A former nurse working for detention centre operator ACM told the inquiry a doctor attended Baxter detention centre five days a week but detainees could only have appointments on the day allocated for their compound. Sometimes the wait for an appointment on the "right day" could be up to three weeks, she said.

The People's Inquiry was set up by Professor Briskman and Professor Chris Goddard, director of the National Research Centre for the Prevention of Child Abuse at Monash University, on behalf of the Australian Council of Heads of Schools of Social Work.

It followed concern about the narrow focus of a Federal Government-appointed inquiry into the wrongful detention of the mentally ill Cornelia Rau.

The People's Inquiry, which has held public hearings around Australia and taken 200 written submissions, also found "needless cruelty" in how the detention centres were run.

Professor Briskman said former detainees, detention centre workers, visiting health workers and others reported a catalogue of petty cruelty, including people being addressed by their file number, repeatedly being woken at night for head counts, a four-month delay in posting mail to families overseas, and a lack of toilets (just two toilets for 700 people at Woomera).

The report also covered claims of beatings and humiliating actions by guards, including singing to Iraqis after a protection visa rejection: "I'm leaving on a jet plane, goin' back to see Saddam Hussein."

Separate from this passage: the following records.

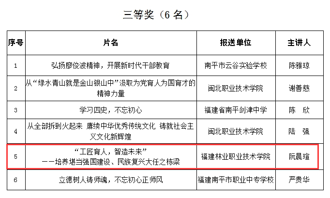 近日,中共南平市委教育工作委员会公布《关于表彰市直属教育系统优秀共产党员、优秀党务工作者和先进基层党组织的决定》(南委教〔2024〕20号)和关于“书记好党课”“支部好案例”“党员好故事”评选活动获奖名单。智能制造系党总支获“先进基层党组织”称号,学生第二党支部申报的作品《“工匠育人,智造未来”——培养堪当强国建设、民族复兴大任之栋梁》(完成人:阮晨瑄)获“书记好党课”三等奖。
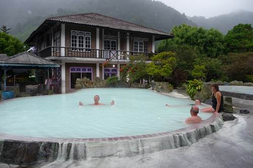 Warme Quellen am Fuße des Vulkans Sibayak entspannen die schmerzenden Glieder vom Flug
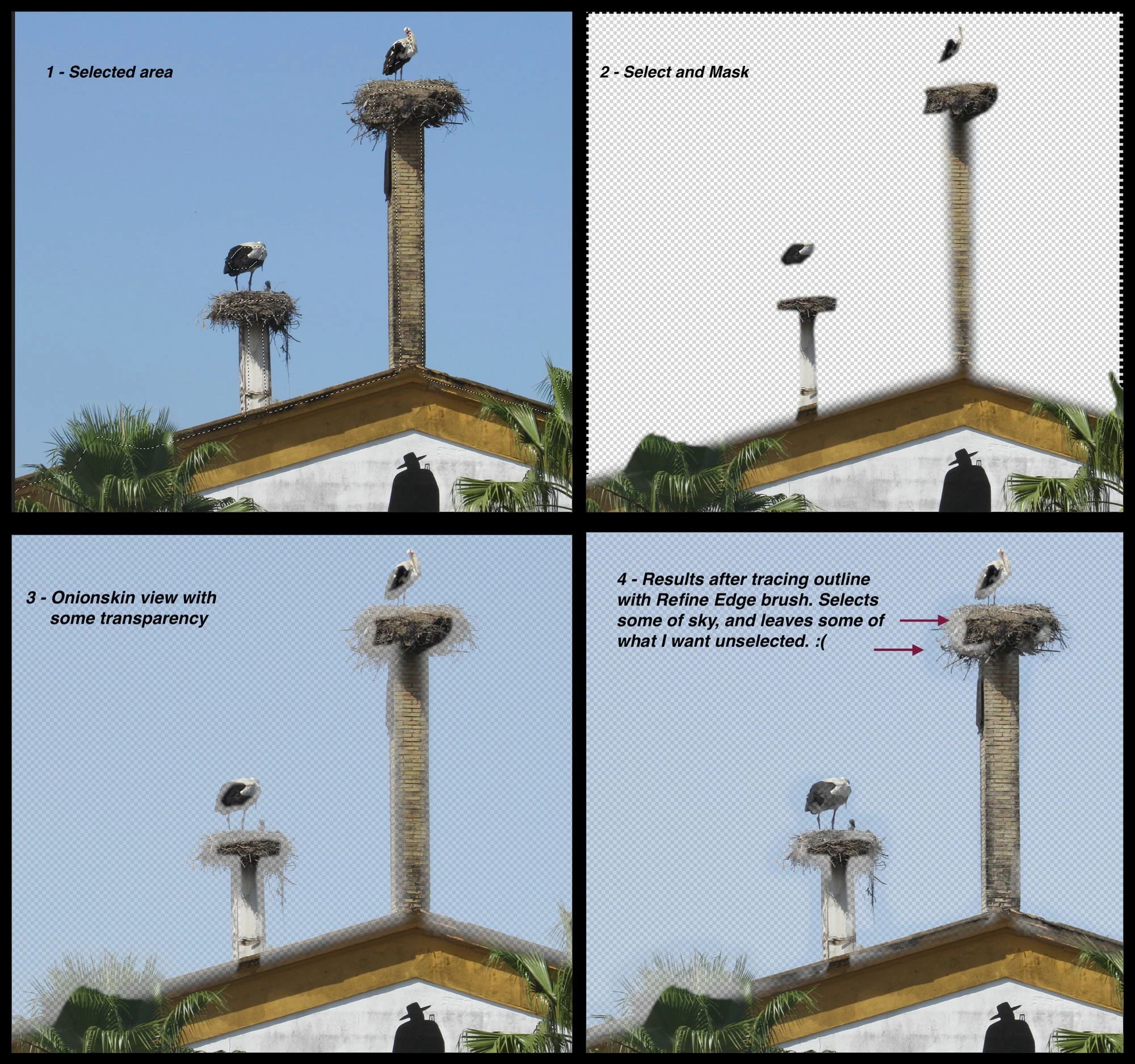 I've tried selecting sky instead of the roof and trees, adjusting Edge Detection and Global Refinement settings, threats, prayer-- none of it works. Hoping someone here can see a missing step I haven't. Thanks!
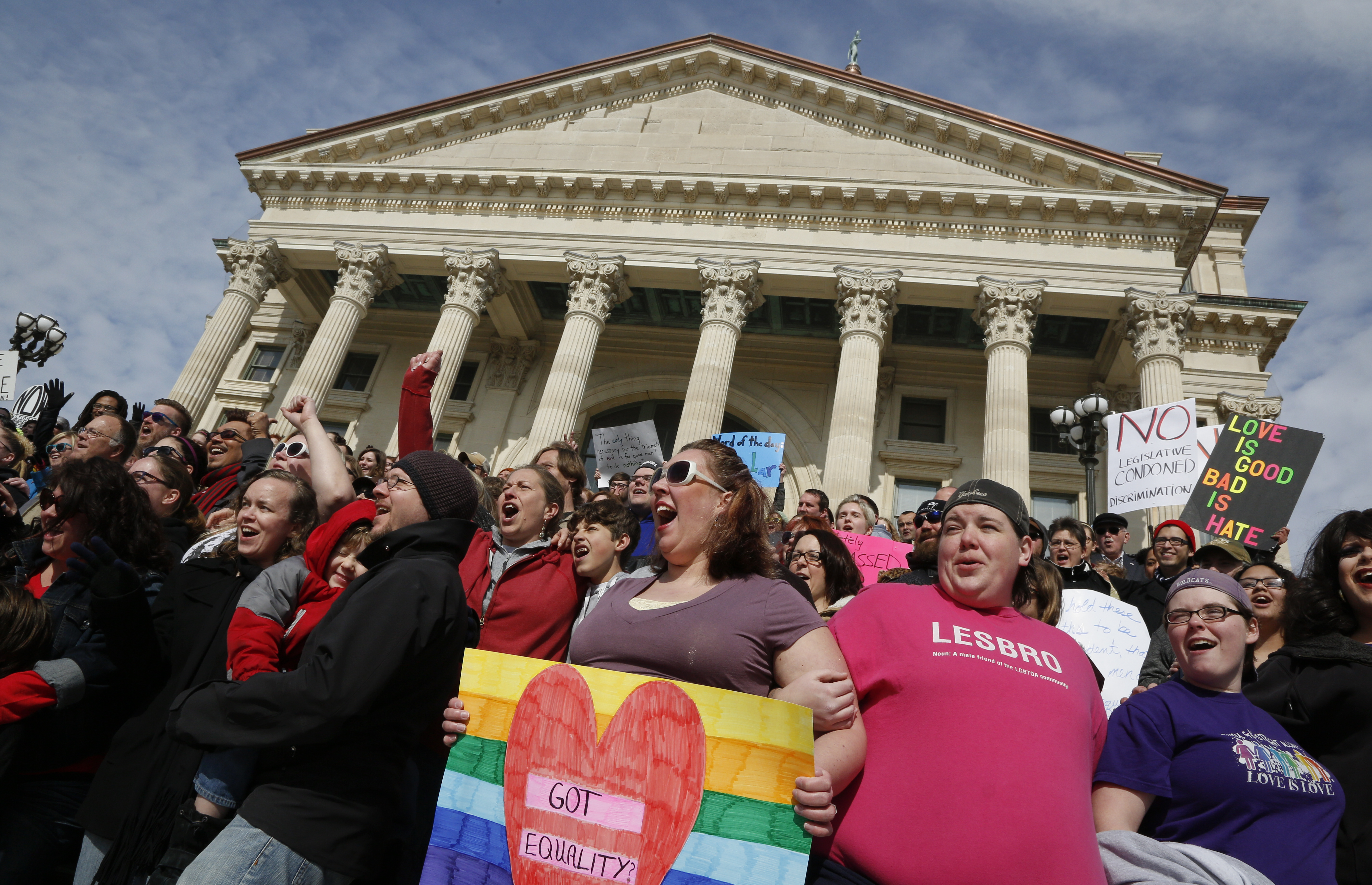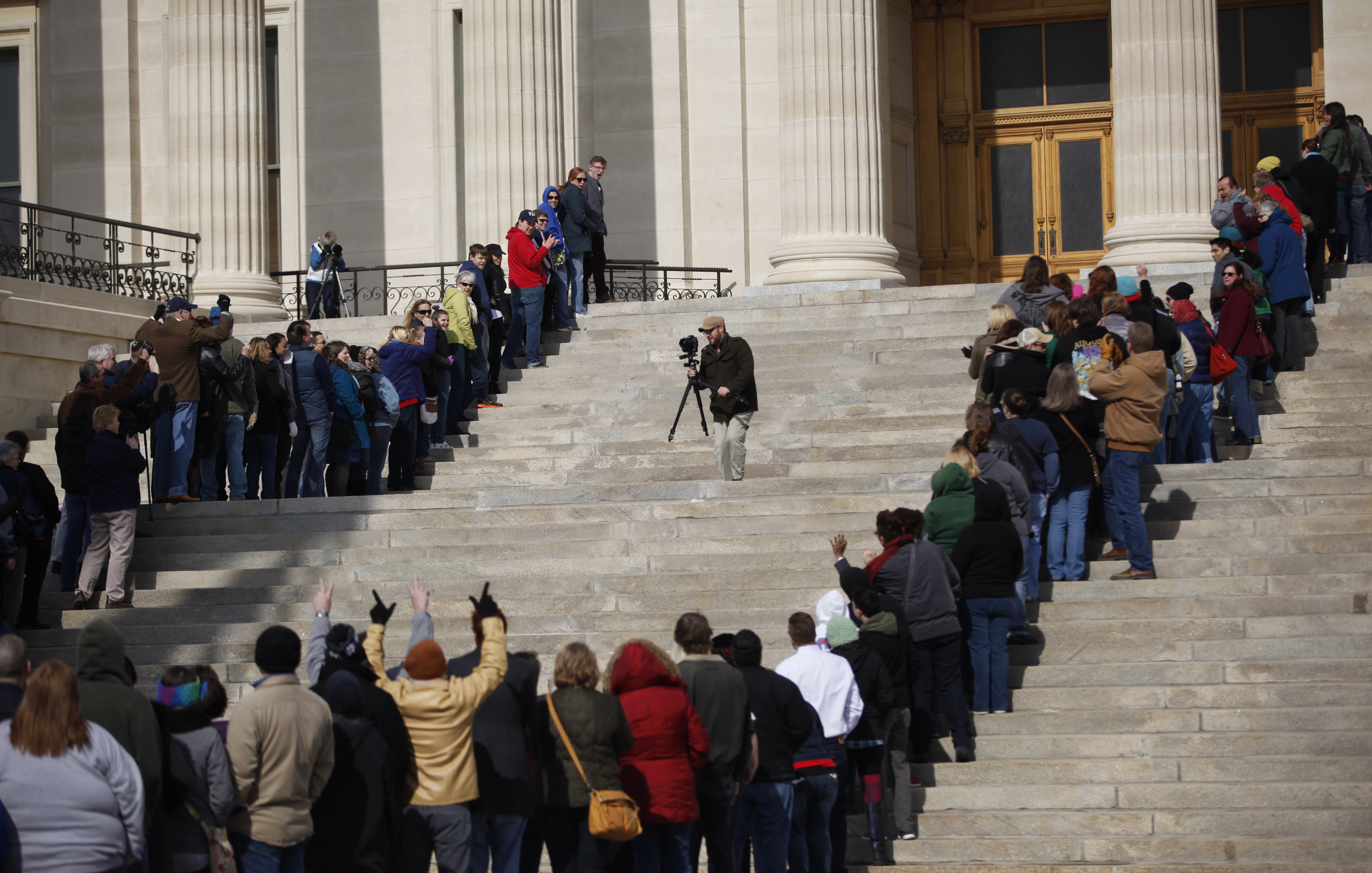 Demonstrators cheers as Colin MacMillan, a videographer films the separated lines leading up the steps of the Kansas Statehouse as a show of the divisions created by discrimination, Sunday, Feb. 16, 2014 in protest to House bill 2453, a measure approved by the House that would have allowed people to cite religious beliefs in denying services to same-sex couples. The demonstration, which drew several hundred members was organized by the Topeka non-profit group Planting Peace.

In his submission, Professor Goddard wrote that "detention centres generated universal mental ill-health never seen outside a psychiatric hospital"."
Even if this were not the case girls are told terrifying stories so that they fear being sent to Detention.
If they are sent back to Muslim families they are shunned at best or even killed for bringing shame on their families.
If you want further enlightenment I am able to recommend very interesting books.
'The Jammed' is much more accurate than you give it credit for.
Patricia.

Crritic! said...

Actually Patricia, I am aware of the reports and I've read several of them. I work on a daily basis as an advocate for people dealing with DIAC, so I am quite aware of the culture that pervades that Department.

I have to say that I accept all of your points as valid, but I don't think they invalidate my criticisms. Almost all of the circumstances you cite are allowed for in my characterisation of detention centres. I am not saying they are pleasant, or even suitable, places to put human beings. I was merely referring to the couple of seconds at the end of the film when Crystal is placed in the cell and it is dark and squalid. In my experience this is not the problem with detention centres. They are hellish places, but the hellish nature of them (usually) doesn't extend to the material environment, more often to the psychological environment. This is consistent with the case studies you cite.

I may be wrong, but I don't believe the characters in the film were Muslim. The third woman has been 'sold' by her mother to alleviate poverty. Her particular issue with return is easier to understand, as her sense of abandonement leads to her death. Still, even apart from family, it seems that Crystal would have a better chance in Thailand. The same issues also don't extend to Vanya, whose circumstances would be quite different.

I'm sure we really disagree with each other Patricia. I don't think your criticisms can be justified by what I actually wrote.

Crritic! said...

Sorry, that second-last sentence should have read "not sure".